A Teresa colocou um copo grande de chá gelado na minha frente, um sinal que dizia “estou aqui, você não está sozinha!”
Ela foi a mãe que eu nunca tive, mesmo não sendo a minha mãe. E eu gostava de acreditar que de onde a minha mãe estava ela aprovava a presença da Teresa. Tanto o que ela fazia por mim quanto pelo meu pai, mesmo que para ele fossem apenas favores carnais.
- Alessandro Belladona Junior, se você não providenciar um bom contrato de casamento para essa menina, eu farei isso. - O meu avô ficou de pé. - Ou vou mandá-la para o convento. A escolha é sua.

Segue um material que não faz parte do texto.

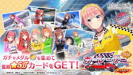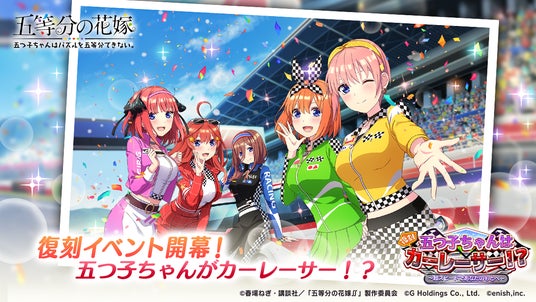 株式会社enish(本社:東京都港区、代表取締役社長:安徳 孝平、以下enish)は、2025年4月18日(金)より、アニメ「五等分の花嫁」初となるゲームアプリ『五等分の花嫁 五つ子ちゃんはパズルを五等分できない。』にて、週刊少年マガジン編集部完全監修のゲームオリジナルストーリーをお楽しみいただける復刻イベント「五つ子ちゃんはカーレーサー!?~超スピードであなたのもとへ~」を開催いたします。

Senti os meus olhos arregalaram antes que eu pudesse controlar, e um súbito desespero tomou conta da minha existência. Convento? Não, não, não. Deus que me perdoe, mas eu preferia morrer nas mãos de um Romano.

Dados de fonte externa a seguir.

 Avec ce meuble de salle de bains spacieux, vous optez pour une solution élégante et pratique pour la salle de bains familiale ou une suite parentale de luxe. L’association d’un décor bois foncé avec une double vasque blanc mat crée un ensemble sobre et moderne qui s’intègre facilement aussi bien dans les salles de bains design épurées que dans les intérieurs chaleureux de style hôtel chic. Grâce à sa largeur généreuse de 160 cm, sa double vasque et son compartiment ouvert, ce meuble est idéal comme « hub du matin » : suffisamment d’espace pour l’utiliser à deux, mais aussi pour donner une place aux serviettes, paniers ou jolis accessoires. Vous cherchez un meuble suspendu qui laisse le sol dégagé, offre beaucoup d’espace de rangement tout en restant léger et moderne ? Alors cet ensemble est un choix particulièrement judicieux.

- Se acostume com a ideia. - O meu pai ordenou, deixando claro que a escolha dele estava feita. Ele levantou e saiu, me deixando perplexa. Eu suspirei e a Teresa colocou a mão no meu ombro.
- Vou falar com ele. - Era exatamente o tipo de coisa que eu gostaria de ouvir da minha mãe.
- Ele não vai mudar de ideia. - Olhei para ela, sentindo os olhos arderem. - Eu preciso ir embora, Tete.
Ela suspirou, mas dessa vez, não discutiu. Eu já tinha dito aquilo em outros momentos, depois de uma punição ou humilhação, e ela sempre argumentou que eu deveria ficar. Só que dessa vez ela se calou, e consegui ver nos olhos dela que se eu quisesse fugir, ela não me impediria.